We conduct the variable selection to the Model II via the stepwise selection procedure and come up with the final model as follows:
model_linear <- coxph(Surv(time, death)~factor(race)*factor(gender)+age, data = kidneyTrans)

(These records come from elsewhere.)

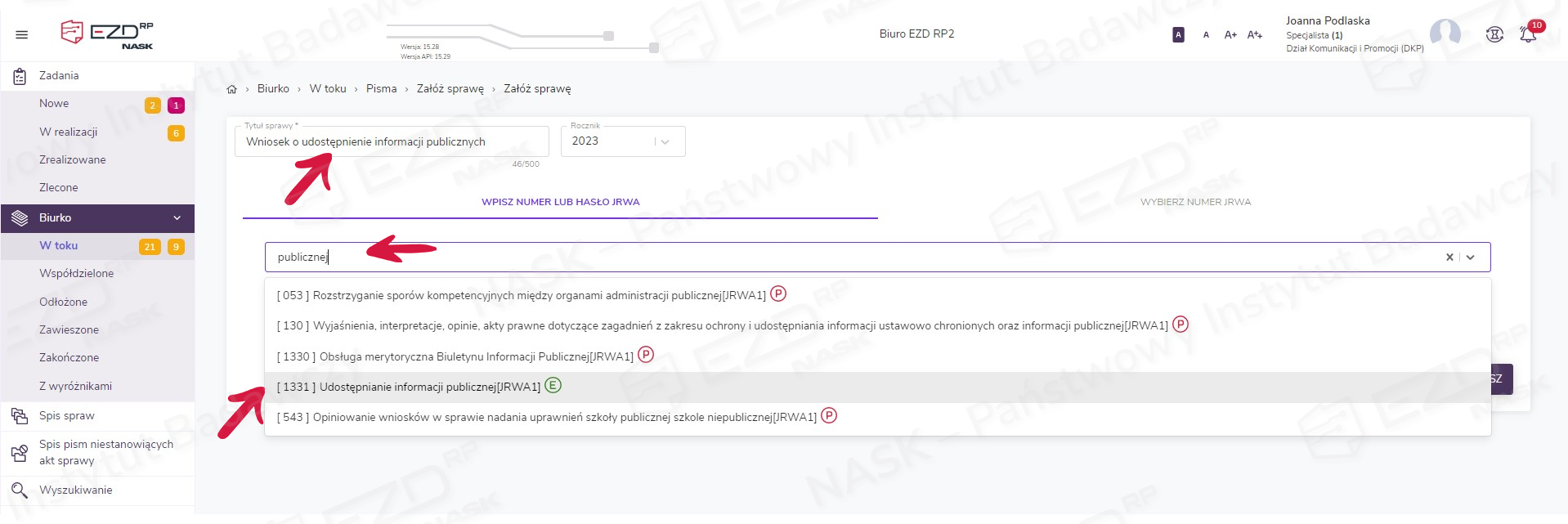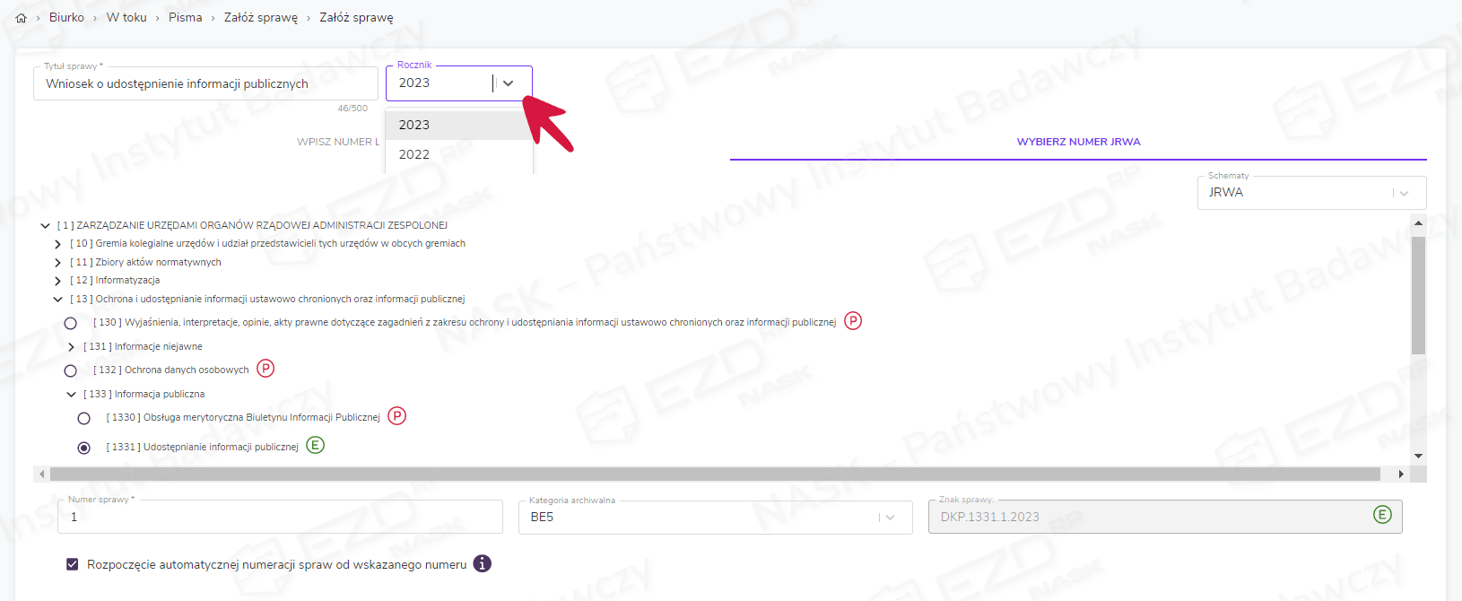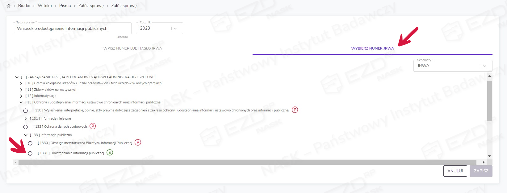 Następnie użytkownik powinien wskazać klasę z jednolitego rzeczowego wykazu akt (JRWA) odpowiadającą zakładanej sprawie. Można to zrobić, wpisując numer lub fragment hasła JRWA.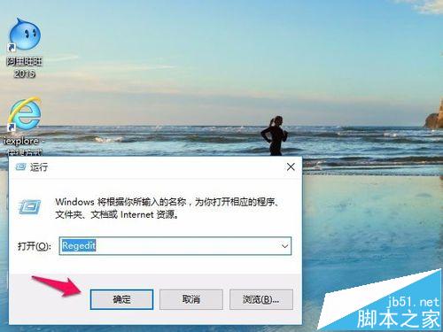 2、在打开后面键入命令:Regedit,然后点确定,如下图所示。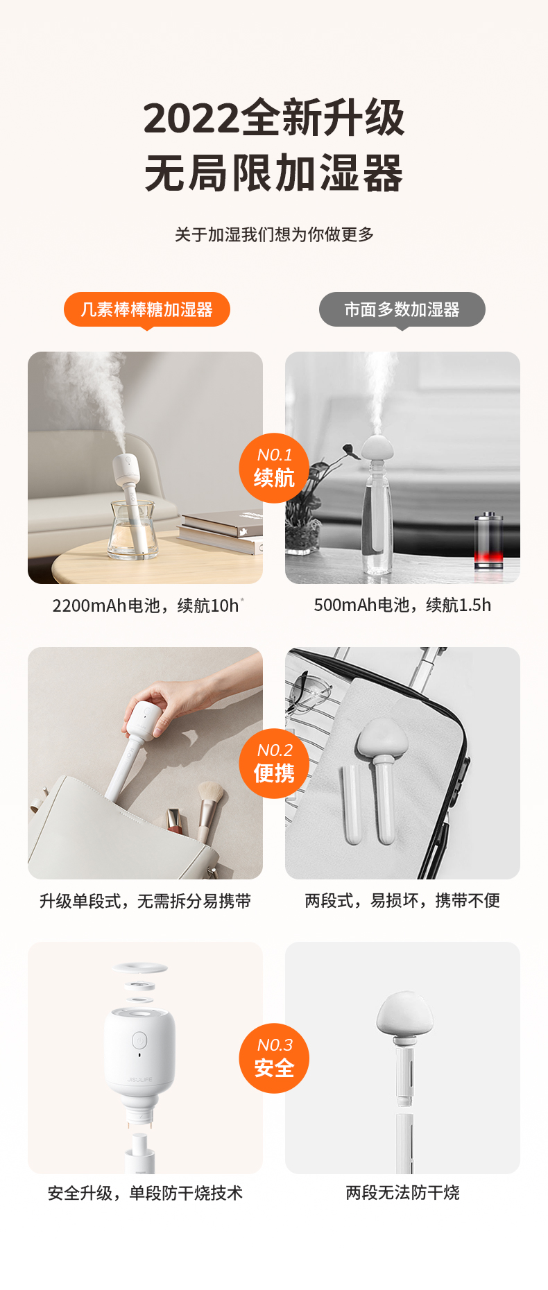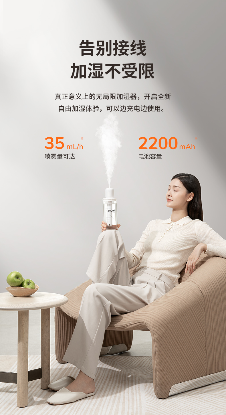 几素棒棒糖无线加湿器小型迷你usb充电便携式办公室桌面空气香薰喷雾家用静音卧室宿舍学生矿泉水加湿车载小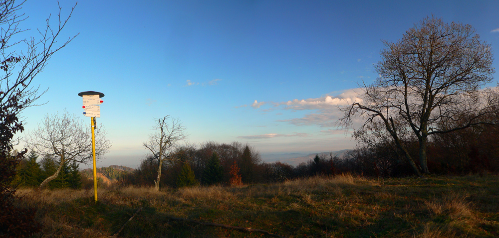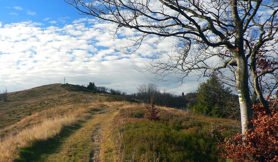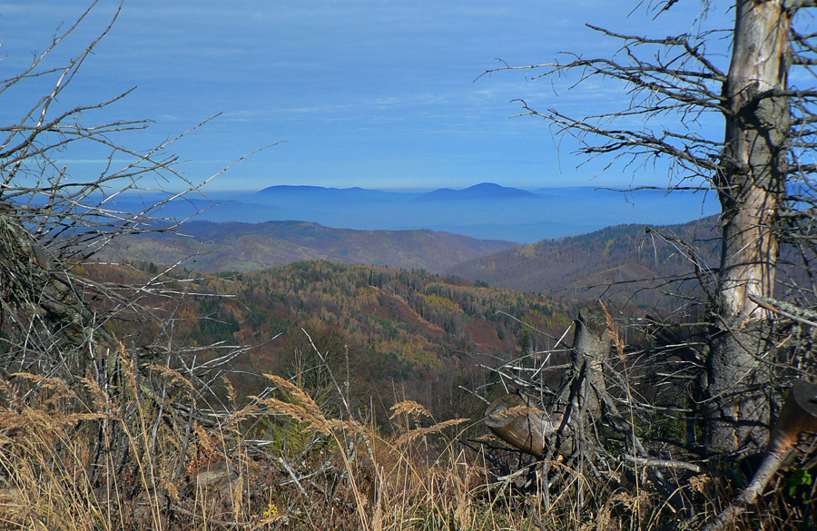 Okolo chát v sedle sa zdá, že to tu celkom žije v lete aj v zime. Trochu sa tu pomotám a do stúpania na vrchol Čergova odchádzam už so slnkom v chrbte. Hurá! Farby prešli do gýčových! Znova pribúdajú lúky, za vrcholom Čergova to začína naplno, hrebeň je najmä na južných svahoch odlesnený už storočia. Otvárajú sa prvé pohľady na Tatry. Za Chochuľkou idem chvíľu dokonca v ústrety Kráľovej holi, ako sa chodník točí na západ. Na druhú stranu sú výhľady zriedkavé, len cez občasné rúbaniská: v diaľke dominuje Busov. Ako stúpam na Veľkú Javorinu, po ľavej ruke míňam územie prvej súkromnej prírodnej rezervácie. Vlčia sa za tých pár rokov stala pojmom, držme palce, aby sa jej darilo aj ďalej. Lebo rúbaní okolo nej pribúda vraj posledné roky akosi priveľa. Ako na celom Slovensku, drevárska lobby nezaháľa :-(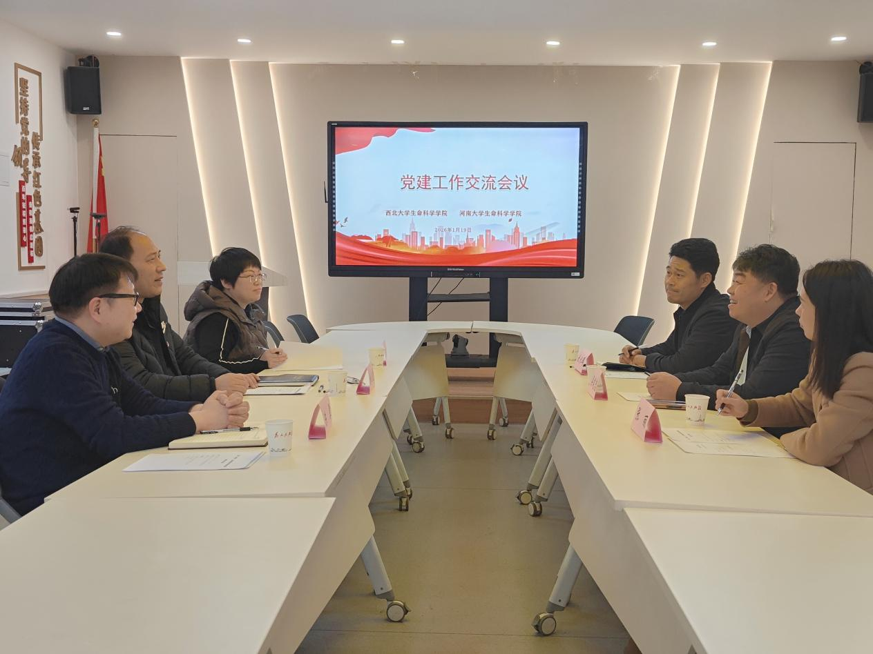 1月19日下午,西北大学生命科学学院党委与河南大学生命科学学院党委,在西北大学太白校区开展党建工作交流会,围绕“深化‘一融双高’,以高质量党建引领高质量发展”主题展开深入交流。河南大学生命科学学院党委书记梁建忠、党委副书记宋永鹏、党委办公室主任张丽,西北大学生命科学学院党委书记刘小光、副书记陈露、党委组织员常雅慧参加交流。会议由西北大学生命科学学院党委书记刘小光主持。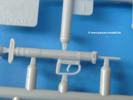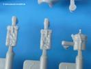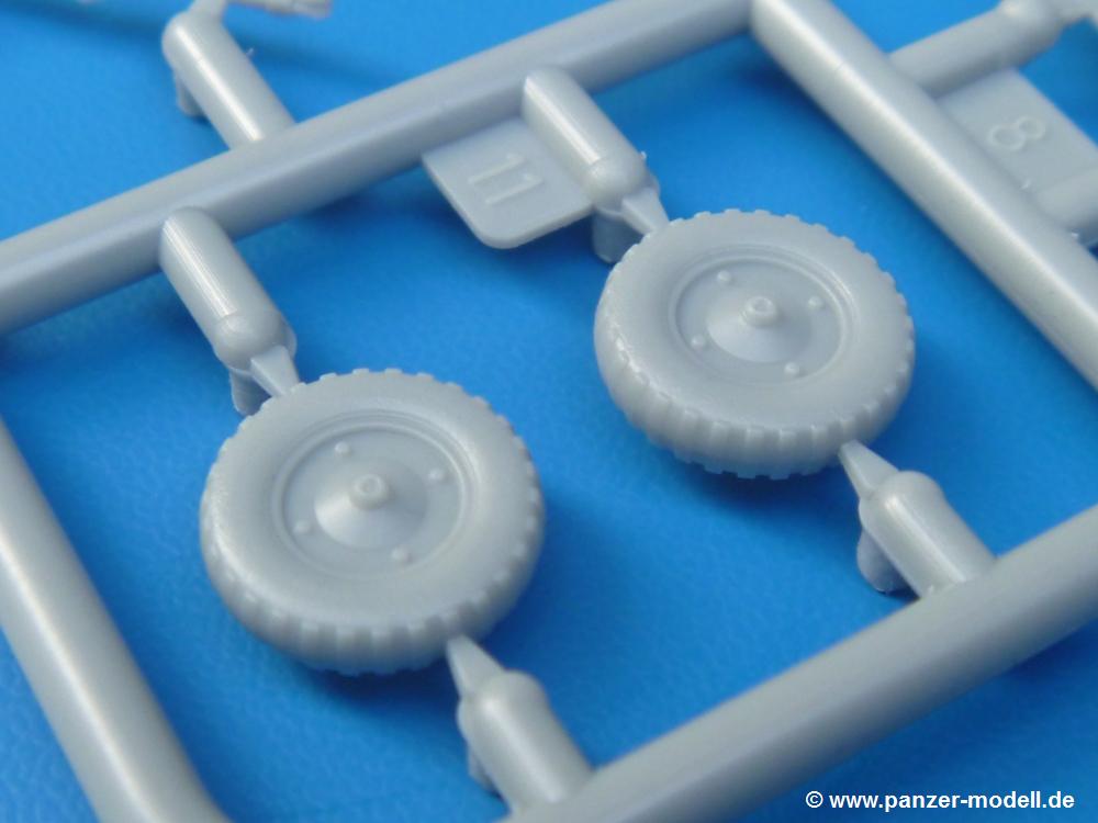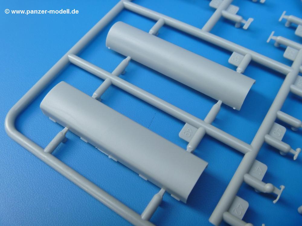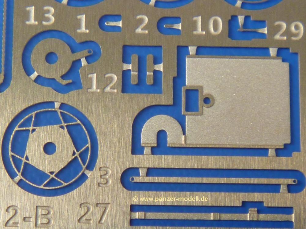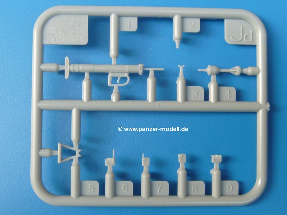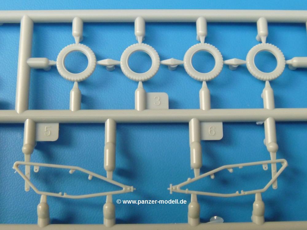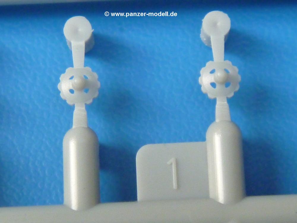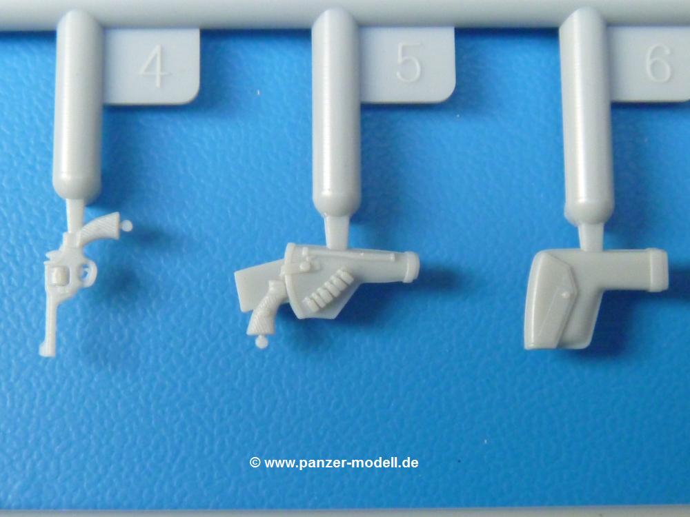 Die Teile sind wie üblich sauber gespritzt, ohne Versatz oder dicken Grat. Die Versäuberung kann sich fast nur auf die Angussstellen beschränken. Die vielen, sehr kleinen Teile sind Highlight und Herausforderung in einem. Die Gesichter der Soldaten sind gut gestaltet. Die Details kommen einem etwas "weich" vor, sind aber durchaus akzeptabel und für Spritzguss toll geworden.Soldat Handkarre schiebendHier handelt es sich um einen aufrecht gehenden Soldaten, ausgerüstet mit 2 Munitionstaschen, Rucksack, Schanzwerkzeugtasche mit Stiel und Feldflasche. Sein Barret ist bereits am Kopf angegossen.Die einfache Handkarre besteht aus 21 Teilen. Sie ist zwar faltbar, aber im Bausatz nur ausgeklappt darstellbar, damit der Soldat sie auch schieben kann. Die Stoffbespannung ist sehr schön dargestellt. Die Räder lassen sich drehbar montieren, wobei mir hier der Sinn nicht ganz verständlich ist. Die Beladung kann man mit dem vorhandenen Material individuell gestalten. Die Anleitung macht keine Vorgaben dazu, aber geht man nach dem Kartonbild, lädt man z.B. die PIAT Munitionsbehälter, die PIAT selbst, Helm (vom separaten Spritzling D) und den Karabiner des Soldaten auf.Die PIAT (Projector, Infantry, Anti-Tank) ist ein Kleinod. Man hat die Möglichkeit, diese Waffe mit eingeklappter Visiereinrichtung ohne Granate zu bauen oder eben einsatzbereit. Die Aufnahme für Granate besteht aus Ätzteilen. Es ist kein Trageriemen vorhanden - selbst herstellen. Zum Transport auf dem Karren wird man wohl eher die eingeklatte Visiereinrichtung ohne Granate nehmen.Soldat, Welbike (Minimotorrad) aus dem Abwurfbehälter hebendDas winzige Motorrad allein besteht aus 48 (!) Teilen und wird zusammengeklappt gebaut. Hier kommen Teile im Zehntelmillimeterbereich zum Einsatz. Viele Kleinteile sind nur als PE-Teile vorhanden (Bremshebel, Kette, Felgen etc). Die Bauanleitung gibt sogar an, wie dieser Winzling zu verkabeln ist, bzw. Verlauf des Gas- und Bremszuges. Allerdings muss man die Kabel und Züge selbst herstellen. Je nach Version muss man noch 2 bis 7 Decals an dem Winzling anbringen.Für den Abwurfbehälter des Welbikes liegen alle Teile bei, um ihn geschlossen, offen mit Welbike oder offen leer zu bauen. Für den Satz ist die offene Version gefragt.Der Soldat ist knieend dargestellt, wie er das Welbike aus dem Behälter hebt, bzw. auf dem linken Knie abstützt. Wegen dieser Haltung gibt es für den rechten Schuh die Sohle extra. Seine Ausrüstung besteht aus Helm mit Tarnnetz, 2 Munitionstaschen, Rucksack, Schanzwerkzeugtasche mit Stiel und Feldflasche.Soldat, auf Welbike (Minimotorrad) aufgesessenFür diese Welbike gilt das gleiche wie bereits oben angegeben, nur das man es fahrbereit baut. Den dazugehörigen Abwurfbehälter kann man auch weglassen oder anderweitig verwenden. Da es der gleiche Typ wie vorher ist, kann er geschlossen oder offen leer gebaut werden.Wie der Radfahrer im Set A hat auch dieser Fahrer 3 Beine, damit man ihn entweder fahrend mit beiden Füßen auf den Fussrasten oder anhaltend mit dem linken Fuß abgesetzt gestalten kann. Auch er ist mit Helm mit Tarnnetz, 2 Munitionstaschen, Rucksack, Schanzwerkzeugtasche mit Stiel und Feldflasche ausgerüstet. Die Anleitung sieht keine Anbringung einer Waffe vor, das Kartonbild zeigt ihn mit geschultertem Karabiner, aber ggfs. kann man ihm auch die MP umhängen.Die zusätzlich beiliegenden Rucksäcke sind sehr schön und hinten hohl. Für einen ist ein Tragegestell mit Tragschlaufen dabei. Am Spritzling der Rucksäcke sind auch nach Magazintaschen dabei. Alle diese Teile sind nicht besonders in der Anleitung erwähnt. Man kann sie also nach Belieben verwenden.Aus dem Minispritzling der 4 Fallschirmjägerhelme mit Tarnnetz und -material braucht man iegntlich nur den einen für den gehenden Soldaten. Die anderen 3 sind zur freien Verfügung, da die anderen Soldaten ihre Helme bereits am eigenen Spritzling haben.Ein Decalbogen hat Rangabzeichen vom Private bis zum Sergeant plus Fallschirmjägerschwingen anzubieten, aber die Anleitung schweigt sich über die Anbringung aus. Der zweite Bogen enthält die Decals für ein Welbike, Abwurfbehälter und PIAT Munitionsbehälter. Laut Anleitung soll der gleiche Bogen 2-mal vorhanden sein. Im Besprechungsmuster lag nur einer bei.Die farbige Bauanleitung auf dem Kartonrücken zeigt die gebauten Figuren mit den Nummern, wohin die Teile gehören. Hier sind die Bemalungshinweise mittels Farbnamen angegeben. Für die Welbikes, Abwurfbehälter, Handkarren, PIAT und die Waffen liegt eine kleine 12-seitige Anleitung im A5-Format im Karton. Die Anleitung enthält auch die komplette Spritzlingaufteilung und die Farbangaben bei Verwendung von Mr. Hobby, Hobby Color, Humbrol und Tamiya Farben in einer Tabelle. Wer einen Blick in die Anleitung werfen möchte, kann Sie sich hier unter "Instruction Sheets" anschauen und/oder herunterladen.Wie schon Set A ein schöner Figurensatz mit viel Zubehör - prima in Dioramen zu verwenden. In Deutschland muss man ca. 27-28 EUR auf den Ladentisch legen. |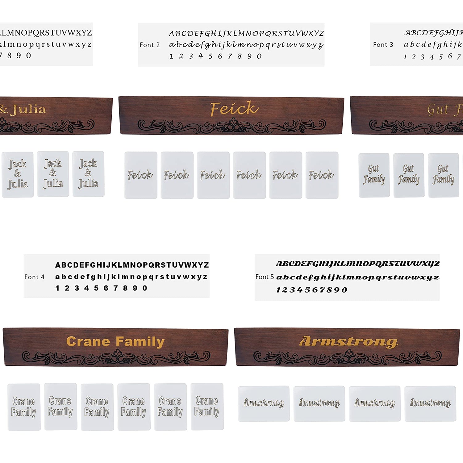 *** HOW TO PLACE YOUR ORDER *** You will see two options when you click "Customize Now" button. Engraving could be done on "only racks" and "racks and tiles". ---> If you want only your racks to be engraved and tiles not be engraved; > Choose "Engrave Only Racks" from options and and choose your font from lower options menu named as "Choose Your Font". Then add your personalization in the input form below options. We could engrave each rack differently or all same or whatever you want. Here are some samples to place your order the way you want. If you write "Laura Family" on input form, then all 4 racks will be engraved "Laura Family". If you want all racks different texts, then just write like that: " Rack1: Andra, Rack2: Shanna&Sean, Rack3: Steve&Camelia, Rack4: Benny, Sasha&Pissy ". ---> If you want your racks and tiles to be engraved -> Choose "Engrave Racks+Tiles" from options and same procedure for racks as defined up. Please add definers for racks and tiles in input form. Here are some samples to place your order the way you want. If you write "Racks: Laura Family , Tiles: forever with love" on input form, then all 4 racks will be engraved "Laura Family" and tiles will be engraved "forever with love". If you want all racks different texts, then just write like that: " Rack1: Andra, Rack2: Shanna&Sean, Rack3: Steve&Camelia, Rack4: Benny, Sasha&Pissy, Tiles: forever with love". And just keep in mind if you want your tiles to be engraved with other font than racks; just add it in personalization section. I assume you want your racks Font1 but tiles Font3. Then add it in your order just like that: " Racks:Laura Family, Tiles Font3: forever with love". The font you choose from menu will be assigned to racks and tiles if you don't add your font selection for tiles in input form. *** If you want your tiles to be engraved logo/design or any shape -> Add Your Image and allign it with the area shown on picture.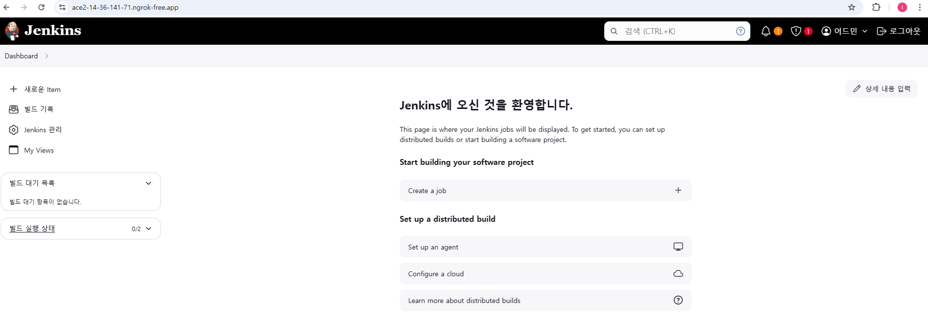 안그럼 젠킨스도 AWS의 EC2에 생성하면 돼요. 근데 그건 비용이 들어가니까. 로컬에서 유지하다가 로컬에 접속할 수 있게끔 엔지락 걸어두면 사용할 수 있다.

final_model <- step(model_linear, scope = list(upper = ~factor(race)*factor(gender)+age, lower = ~1))
## Start: AIC=1707.4
## Surv(time, death) ~ factor(race) * factor(gender) + age
##
## Df AIC
## - factor(race):factor(gender) 1 1707.3
## <none> 1707.4
## - age 1 1760.0
##
## Step: AIC=1707.28
## Surv(time, death) ~ factor(race) + factor(gender) + age
##
## Df AIC
## - factor(gender) 1 1705.3
## - factor(race) 1 1705.6
## <none> 1707.3
## + factor(race):factor(gender) 1 1707.4
## - age 1 1761.0
##
## Step: AIC=1705.3
## Surv(time, death) ~ factor(race) + age
##
## Df AIC
## - factor(race) 1 1703.6
## <none> 1705.3
## + factor(gender) 1 1707.3
## - age 1 1759.3
##
## Step: AIC=1703.6
## Surv(time, death) ~ age
##
## Df AIC
## <none> 1703.6
## + factor(race) 1 1705.3
## + factor(gender) 1 1705.6
## - age 1 1758.3
summary(final_model)
## Call:
## coxph(formula = Surv(time, death) ~ age, data = kidneyTrans)
##
## n= 863, number of events= 140
##
## coef exp(coef) se(coef) z Pr(>|z|)
## age 0.051068 1.052394 0.007136 7.156 8.3e-13 ***
## ---
## Signif. codes: 0 '***' 0.001 '**' 0.01 '*' 0.05 '.' 0.1 ' ' 1
##
## exp(coef) exp(-coef) lower .95 upper .95
## age 1.052 0.9502 1.038 1.067
##
## Concordance= 0.671 (se = 0.022 )
## Likelihood ratio test= 56.74 on 1 df, p=5e-14
## Wald test = 51.21 on 1 df, p=8e-13
## Score (logrank) test = 53.44 on 1 df, p=3e-13
According to the output above, we find that the final model only have the linear term of age. That is, the final model is given by \[\lambda(t)=\lambda_0(t)\mbox{exp}(\beta\times\text{age}).\] We find that the logarithmic of hazard ratio of death after kidney transplant increases \(0.051068\) when the age at transplant is increased by 1 year.